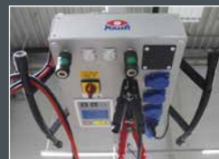
Hebebühnensteuerung, Energieversorgung, Druckluft und Datensteckdose auf der Unterseite platziert.
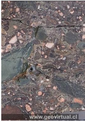
Roca piroclástica del mesozoico en la Región de Atacama
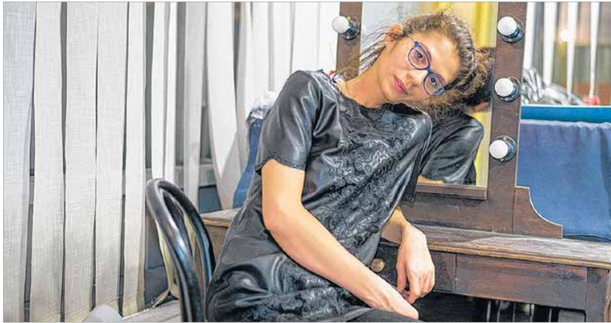
A színházi öltöző magányában

gátlásokkal küzdő ember szabadságvágyát, teszi ezt burjánzó színekavalkáddal ábrázolt emberekkel – embereknek.
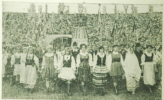
Fragment widowiska dożynkowego.
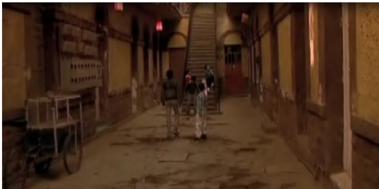
Figura 13. El patio es el único lugar público visible en la película. De manera que ahí se realizan las reuniones comunitarias y la circulación de los habitantes de la vecindad.

negocio de medicina informal del otro lado del patio, muy cerca de la entrada. Según la narrativa de la película, no se sabe de su existencia hasta cerca de la mitad del filme.
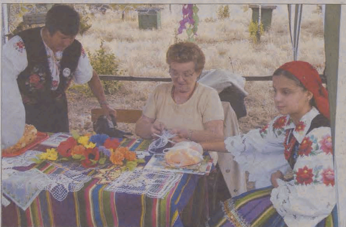
Na każdym kroku można było spotkać się z pięknymi łowiczankami...

Tegoroczna biesiada rozpoczęła się w centrum Łowicza. W sobotę około godziny 13 delegacje z trzech współpracujących ze sobą powiatów: łowickiego, kartuskiego i zakopiańskiego, zespoły folklorystyczne oraz inni goście, zebraли się przed budynkiem starostwa przy ulicy Stanisławskiego. Kolorowy korowód przeszedł ulicami miasta na Stary Rynek, gdzie czekały autobusy, które zawiozły gości do skansenu. Od razu po oficjalnym otwarciu biesiady przez starostę i burmistrza - obydwaj byli w strojach ludowych - wystąpił łowicki Zespół Pieśni i Tańca „Blichowiaczy”. Tym samym był to początek bloku folklorystycznego, w którym zaprezentowały się również zespoły folklorystyczne z zaprzyjaźnionych powiatów. Z ludowych rytmów publiczność wyrwały dziewczęta ze „Zgierskiej Grupy Tancerznej”, które zaprezentowały na scenie w kusych strojach odważny taniec nowoczesny przy muzyce dyskotekowej. Zaraz po występie dziewcząt na scenę wkroczyli prawdziwi mężczyźni z klasy o profilu obronnym z Zespołu Szkół Licealnych w Zdunach. Ubrani w czarne stroje uczniowie dali pokaz zasad obrony przed napastnikami z nożami, pałkami itp. Pokaz zorganizowany został w rytm głośnej muzyki, a odgłosy pola walki „wytwarzał” instruktor ze szkoły w Zdunach, wrzucając w pobliże sceny mini petardy. Pokaz wypadł imponująco. Dziewczęta ze Zgierskiej Grupy Tancerznej od razu po występie chłopaków
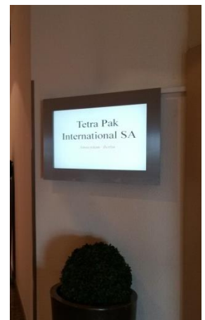
Kundenspezifisches Gerät 32" in Edelstahl
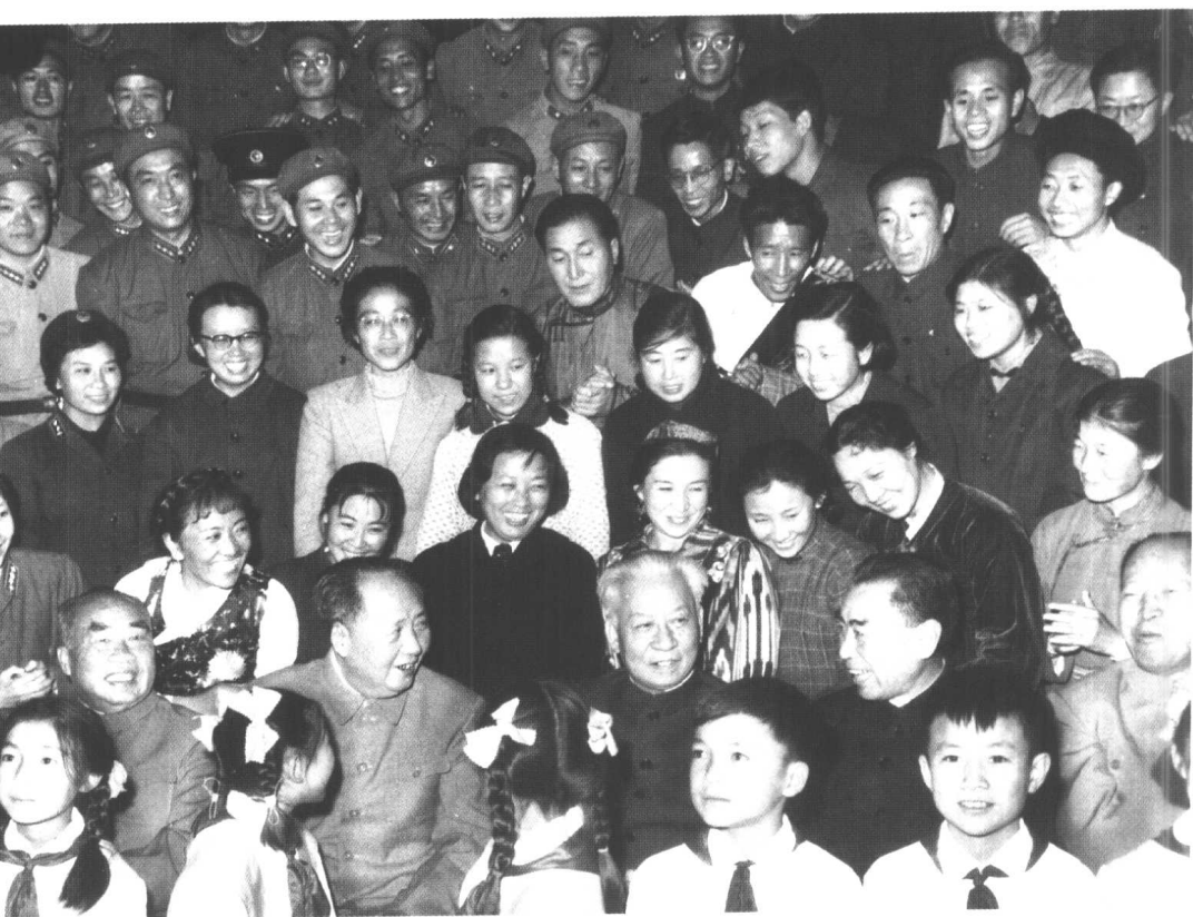
1964年10月16日,毛泽东、刘少奇、周恩来、朱德、彭真等接见参加大型音乐舞蹈史诗《东方红》演出的全体演员。
* * * * * * *
> PROBLEM REQUIREMENTS
Please output, exactly as written, the lines above from the one holding "Fragment widowiska dożynkowego." through the one holding "Na każdym kroku", both included, with the pictures omitted.

> TASK OUTPUT
Fragment widowiska dożynkowego.
Figura 13. El patio es el único lugar público visible en la película. De manera que ahí se realizan las reuniones comunitarias y la circulación de los habitantes de la vecindad.

negocio de medicina informal del otro lado del patio, muy cerca de la entrada. Según la narrativa de la película, no se sabe de su existencia hasta cerca de la mitad del filme.
Na każdym kroku można było spotkać się z pięknymi łowiczankami...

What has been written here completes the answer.